Wednesday, July 13, 2011
Indian dinner #2: Skewered barbecued chicken with saffron cream sauce
Kayte organized another Indian dinner for us to cook this week, although I think Margaret and I may have been the only two to cook it tonight.
Front left is the saffron cream sauce. I have never cooked with spicely gold before, and when I was at the grocery store this morning, I initially decided to skip it: $17 for a tiny bottle?! When I got home, I did a little research (no substitutions and a little goes a long way) and my hubby convinced me to try it, so back to the grocery store I went.
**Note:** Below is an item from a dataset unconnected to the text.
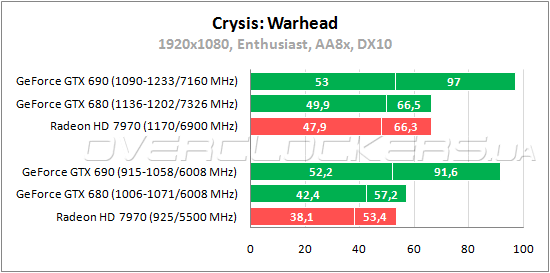 В Warhead сразу бросается в глаза минимальный прирост от разгона. Тут производительность явно ограничивается потенциалом процессора. В номинале разница с GeForce GTX 680 достигает 60% по средней частоте кадров.

When I got home and was mixing up the sauce, I realized that I also didn't have any cardamom, so I substituted garam masala. We really, really, really loved this sauce, both on the chicken and the naan.
Center is the barbecued chicken. I'm not ambitious enough to cook lamb, as the original recipe calls for. The marinade is yogurt, sesame oil, and a lot of spices. I marinated the chicken pieces for about three hours and then hubby grilled them. The chicken was really moist and flavorful...again, we were big fans (the kids were, too).
Back right is our normal naan. Yum! And for the first time, the kids actually ate theirs, too.
Front right is a cucumber raita, something I've been curious to try, especially since I am a big tzatziki-lover. I'm not sure why, but the spice combination was just not good to me; I couldn't eat it and ended up throwing most of the bowl-full away. Hubby liked it okay with the chicken, but not enough for seconds.